Antique Artillery Reproductions and Muzzle Loading Cannon Replicas

Artillery for California Forts

Gunnades

With barrel lengths of 45 inches, weights of 750 pounds, and four inch bores, carronades with trunnions, or “gunnades” await shipment from South Bend, Indiana to the California Department of Parks for incorporation into ongoing restorations at Sutter’s Fort and Fort Ross.

Two California fort restorations moved ahead recently with acquisition of reproduced artillery from South Bend Replicas, Inc., of South Bend, Indiana. The cannons, called “gunnades,” were recently produced on special order for Sutter’s Fort in Sacramento, and Fort Ross, north of San Francisco, under direction of Michael C. Tucker, of the California Department of Parks, which administers both historic sites.   Gunnades are a type of early 19th century ordnance closely related to carronades, a type of naval artillery named after the Carron Foundry, in Scotland, where those were originally produced in the late 18th century.

Carronades had no trunnions, and were affixed to specially designed carriages by means of a pin passing through a lug cast into the undersides of the barrels.  Conventional guns had trunnions.  Gunnades were in the configuration of carronades, but had
trunnions instead of lugs, probably as an accommodation to carpenters and other persons used to working with conventionally mounted guns.

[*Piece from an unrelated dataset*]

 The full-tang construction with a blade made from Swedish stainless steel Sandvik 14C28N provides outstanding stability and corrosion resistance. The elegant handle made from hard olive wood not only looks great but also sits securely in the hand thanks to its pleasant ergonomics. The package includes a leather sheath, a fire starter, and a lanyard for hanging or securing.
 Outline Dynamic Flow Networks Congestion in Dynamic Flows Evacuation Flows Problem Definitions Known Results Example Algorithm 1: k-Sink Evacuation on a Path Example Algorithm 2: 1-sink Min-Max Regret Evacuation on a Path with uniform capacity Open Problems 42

p1bIn the combined period represented by both forts – 1812 to mid-century – it was not uncommon for fort armament to include guns salvaged from ships.  California state records hold eyewitness accounts of carronades at Sutter’s Fort and Fort Ross, and surviving originals from Sutter’s Fort have trunnions.

At SBR, the guns were produced in 9-pounder (approximately 4-inch) caliber, with muzzles cupped oversize in accordance with original carronade custom, and in barrel weights of about 750 pounds.  Consistent with SBR practice and California Park Department requirement, the guns were cast solid, the bored oversize and brought back to caliber with steel bore sleeves.

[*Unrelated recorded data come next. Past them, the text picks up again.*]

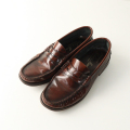 ソールの擦れ、履きジワが見受けられます。アンティークような深い色合いで色ムラは元々でございます。
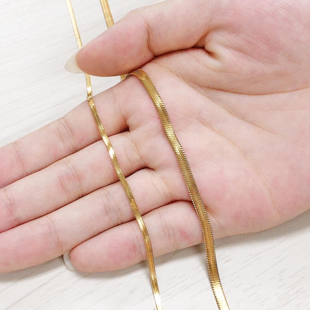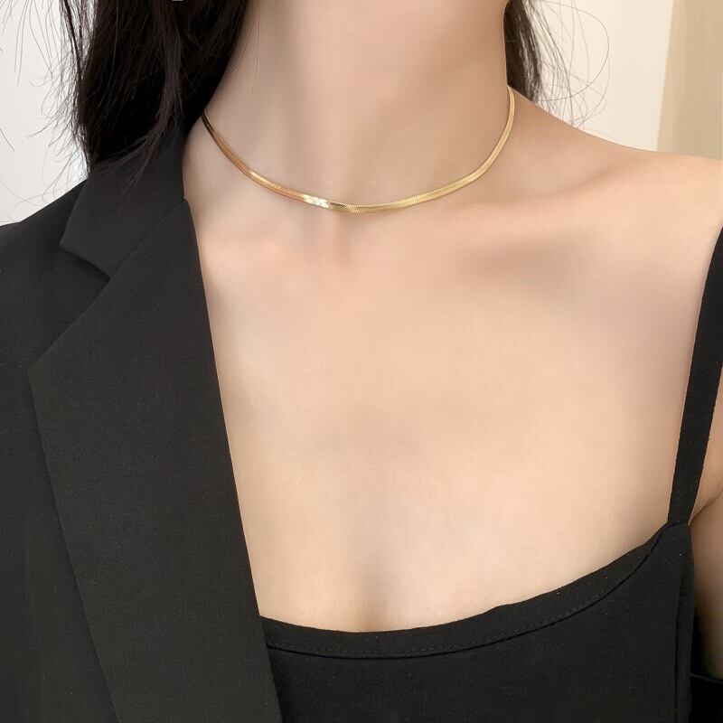 サージカルステンレス チョーカー ネックレス スネークチェーン フラット 2mm 3mm ゴールド シンプル 金属アレルギー対応
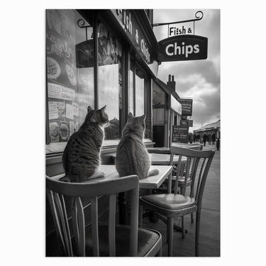 Capturing a moment of quiet anticipation, “Fish & Chips Duo” presents two cats seated by a fish & chips shop, looking out as if waiting for their order. This monochrome print is perfect for adding a touch of charm and whimsy to your kitchen or dining area, combining humor and feline curiosity.
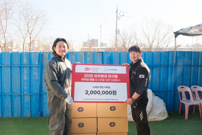 SSG 랜더스 포수 이지영은 지난 17일 경기도 김포시에 위치한 유기견 보호소 '아지네 마을'을 찾아 봉사활동을 하고 기부금을 전달했다.
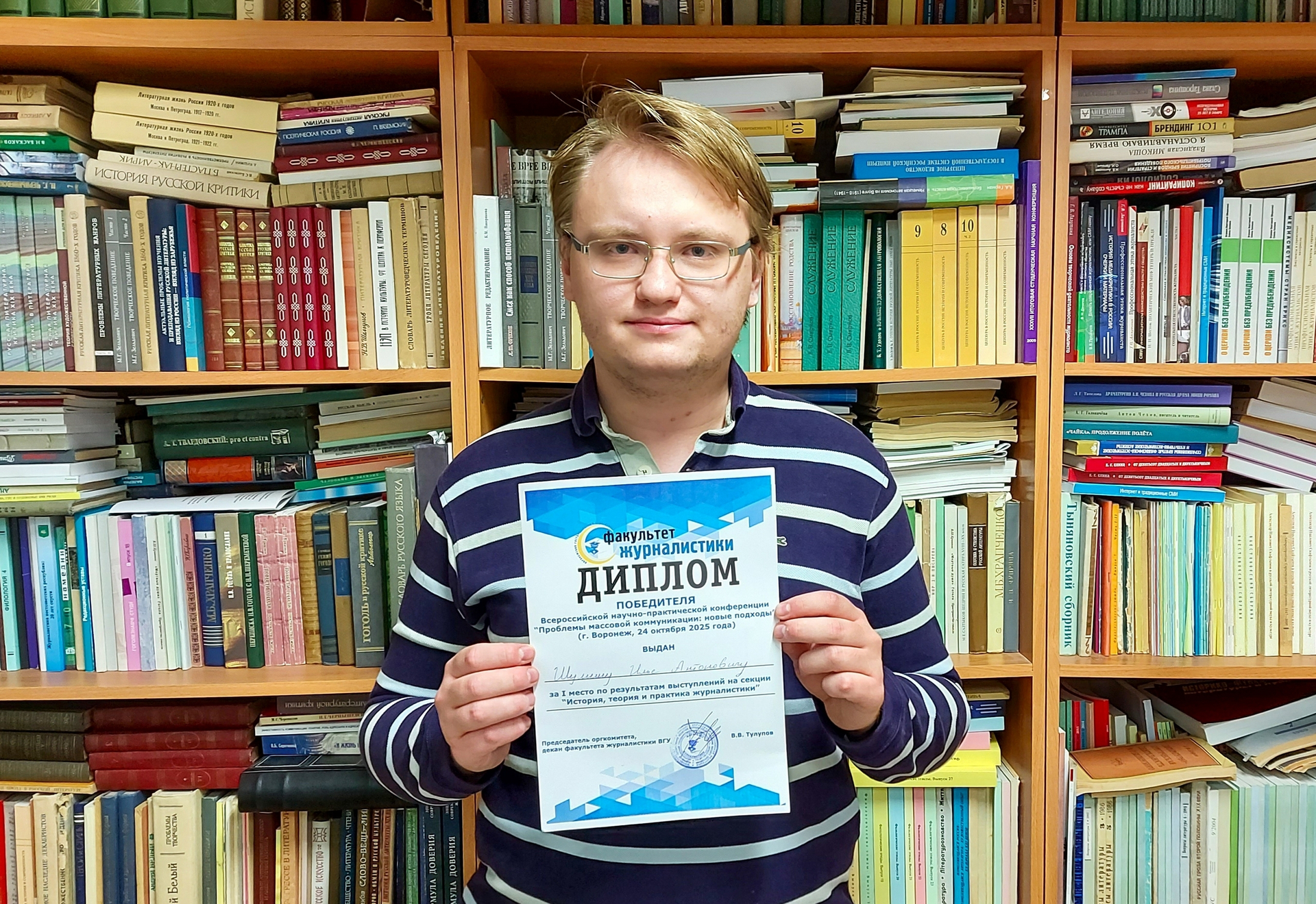 Магистрант направления «Филология» Илья Шумин получил диплом победителя на Всероссийской научно-практической конференции «Проблемы массовой коммуникации: новые подходы», которая прошла на факультете журналистики Воронежского государственного университета 24 октября.

Carriages for the Sutter’s Fort guns were produced in the SBR shop.

Copies of research material to assist later local construction of the Fort Ross carriages were provided to the curatorial division of the Park Department.

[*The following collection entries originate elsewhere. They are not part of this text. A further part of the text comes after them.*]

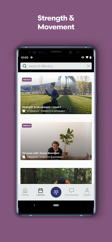 - 在庫中按長度、關鍵字和類別輕鬆搜索訓練計劃、瑜伽流程、力量訓練、冥想、播客片段等
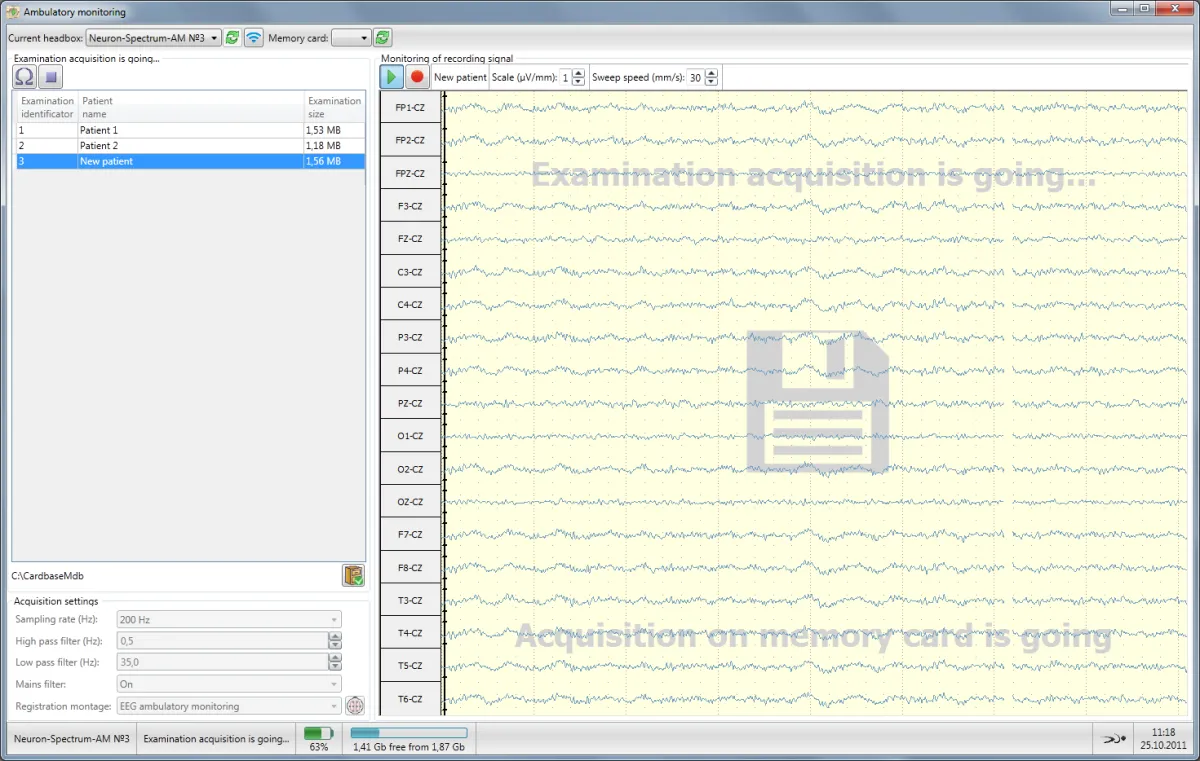 Las modernas tecnologías de ahorro de energía aplicadas en el Neuron-Spectrum-AM permiten grabar exámenes de hasta varios días de duración. El cambio en caliente de la batería durante la adquisición garantiza la realización de exámenes de larga duración. La tarjeta de memoria de 32 Gb almacena más de 30 días de grabación continua.
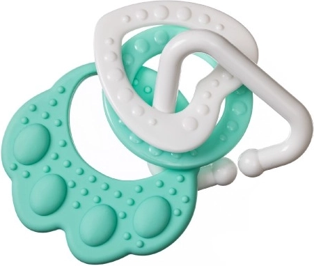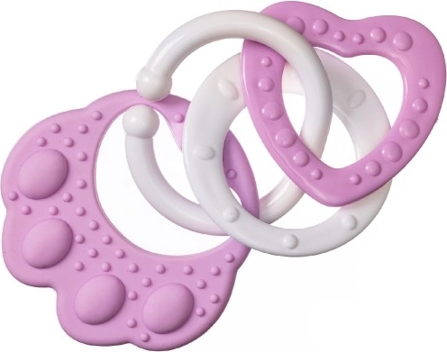 Onze bijtring in de vorm van een berenpoot is ideaal voor kleine ontdekkers. Speciaal ontworpen vormen zonder scherpe randen garanderen veilig gebruik. Vastgemaakte kunststof vormen, zoals rondjes, hartjes en belletjes, zorgen niet alleen voor plezier, maar bieden ook de noodzakelijke verlichting bij pijn door doorkomende tandjes.
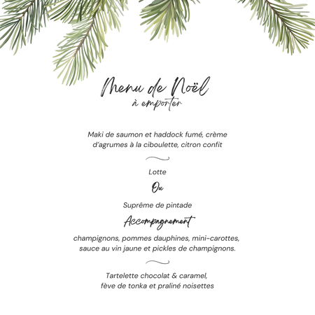 Découvrez notre menu de Noël 2025 et créez un repas festif à votre image. Entrée, plats, desserts : choisissez ce qui ravira vos papilles et celles de vos convives. Offrez-vous un Noël savoureux et unique, prêt à emporter et à déguster !
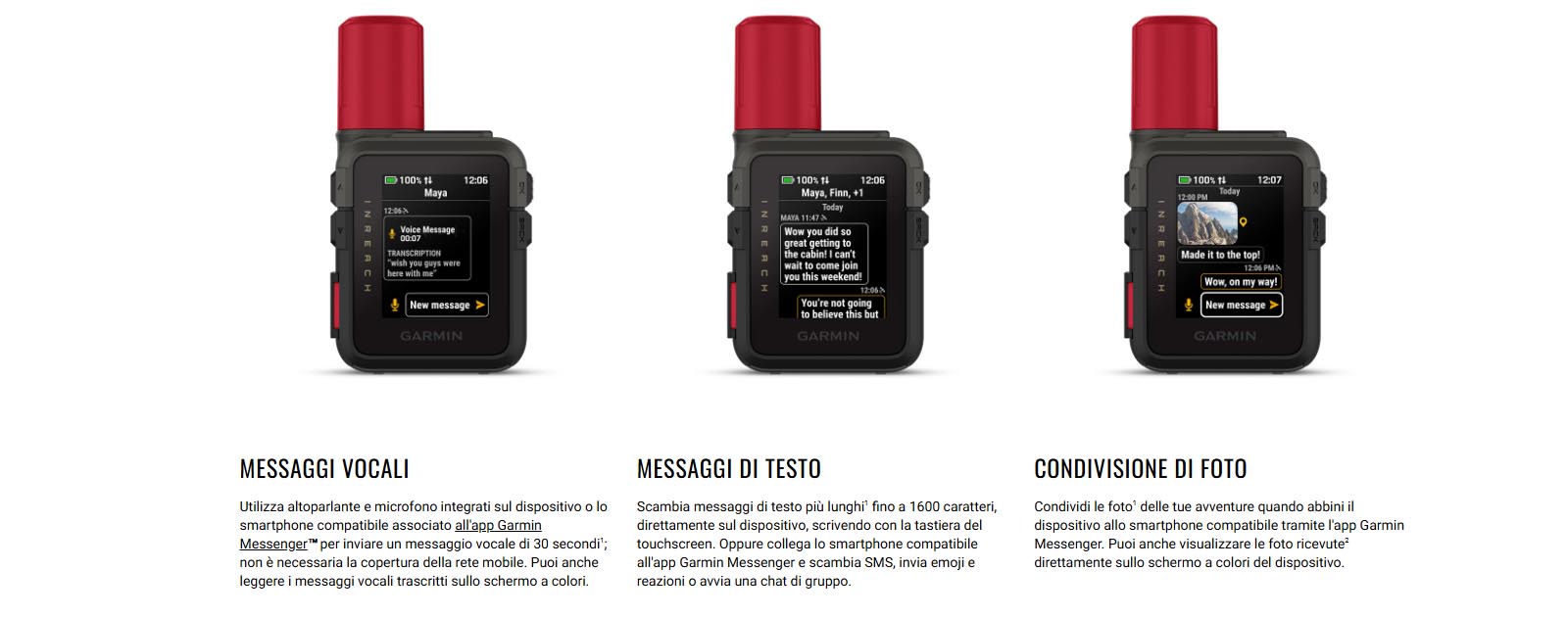 Rimani sempre in contatto con i tuoi cari grazie a inReach Mini 3 Plus, il comunicatore satellitare SOS1 con display touchscreen a colori e altoparlante e microfono integrati. Quando la tua avventura ti porta dove il telefono non può funzionare, la tecnologia in Reach Plus ti consente di inviare SMS, foto e messaggi vocali più lunghi con un abbonamento attivo.
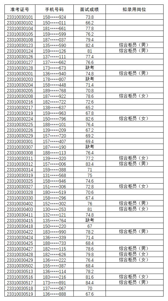 2023年路桥农商银行新员工招聘面试成绩及拟录用人员名单公布

Sutters FortJohn Sutter, a German/Swiss entrepreneur who left Europe in 1835 and arrived in California by way of Kansas, Canada, Hawaii, and Alaska, established his fort in 1840 under Mexican citizenship. Between 1841 and 1849, the fort served as a temporary refuge for California settlers including, after a Sutter-dispatched rescue effort, 47 survivors of the tragically
fated Donner Party.

Fort Ross

 

Fort Ross was established in 1812 by Russians and native Alaskans to provide crops for Alaska and trade ties with Spanish California.